The cause of these early deaths was the large range of diseases with which the slaves lived, as shown in the paleogenetic research of Alena Mayo, from the Fiocruz Laboratory of Molecular Genetics of Microorganisms, which tracks, via DNA, the diseases of colonial Rio. At the slave cemetery of Praça XV square, for example, the bones revealed that 7 out of every 10 captives were infected with protozoa or helminths. “This was due to the slaves being very poorly fed, combined with the bad conditions of hygiene in which they lived,” says Alena. The genetic discovery proves several aspects of the classic study of the American historian Mary Karasch, A vida dos escravos no Rio de Janeiro [Slave Life in Rio de Janeiro] (Companhia das Letras, 2000), such as the statement that “the conditions under which the slaves lived and the diseases killed more than the physical violence of captivity.”

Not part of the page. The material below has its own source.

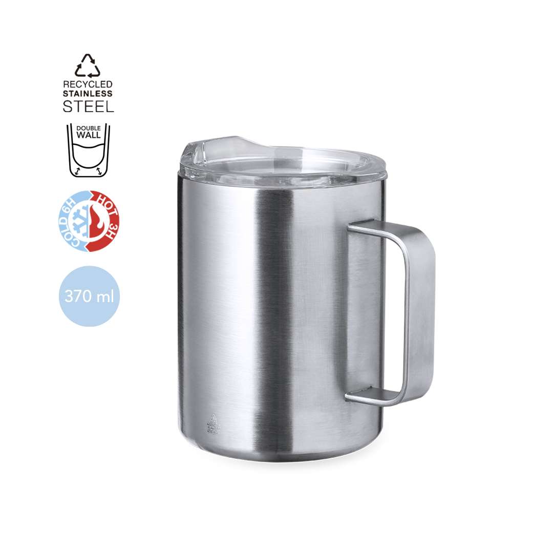 Tazza termica da tavolo in acciaio inox riciclato a doppia parete con capacità di 370 ml. Con dispenser di facile apertura nel coperchio, senza BPA e con finitura argentata. Con logo Recycled Stainless Steel.Confezionata singolarmente in una scatola dal design kraft.L'acciaio è uno dei materiali più richiesti e si trova praticamente ovunque, dai prodotti di uso quotidiano alle grandi costruzioni. Le sue innumerevoli proprietà, tra cui la durata e l'alto grado di riutilizzabilità, lo rendono un'alternativa molto apprezzata nelle soluzioni di sostenibilità. Opportunamente trattato, consente di ottenere nuove risorse di uso infinito.

The researcher studied the Pretos Novos cemetery, where she found traces of tuberculosis, with a total of 25% of positive samples. “The inhuman conditions in which they were transported caused those slaves who were susceptible to contract the disease, at that time common in the city, upon arriving.” This also leads one back to the documental research conducted by the American: “The mortality of the newly arrived Africans at Valongo was not related only to the terrible conditions of the slave ships. Even if they survived the crossing, they faced a greater challenge at the quay: adapting to the new and terrible conditions of life, so as not to succumb promptly to Rio diseases.”

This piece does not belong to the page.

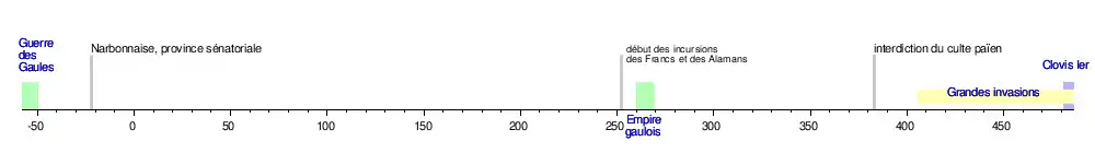 Cette chronologie de la France a pour objet de proposer une chronologie synthétique et visuelle de l'histoire de France et l'histoire de ses gouvernements et d'y associer en entrées les principaux articles permettant une approche synthétique des périodes et évènements marquant son histoire, ainsi que celle de sa formation territoriale.

One particular excavation resulted in important findings. “Bones in the church of Nossa Senhora do Carmo in Rio, found in seventeenth century tombs of people of European origin, although very degraded, tested positive for tuberculosis in 7 out of 10 ribs analyzed,” states Alena. At the site, the researchers also found bones of native Indians and blacks. Comparing the remains, the researcher concluded that not only was tuberculoses rampant in the city in the seventeenth century, but that the colonizers were the party responsible for introducing the disease in Rio, given that only the Europeans tested positive for tuberculosis. “In studies I conducted on pre-Columbian material, I found intestinal helminthiasis and Chagas’ disease. We concluded that these were not brought by the Europeans. In colonial Brazil, to the contrary, one can see the role of Europeans in the introduction and dissemination of epidemic diseases such as tuberculosis.” Therefore, the fear of the “diseases of the negroes,” which led to the creation, precisely 200 years ago, of the Cais do Valongo quay, were unfounded. There is no perfect crime when different fields of knowledge come together.

Scientific article
JAEGER, L. H. et al. Mycobacterium tuberculosis complex detection in human remains: tuberculosis spread since the 17th century in Rio de Janeiro, Brazil. Infection, Genetics and Evolution. Forthcoming.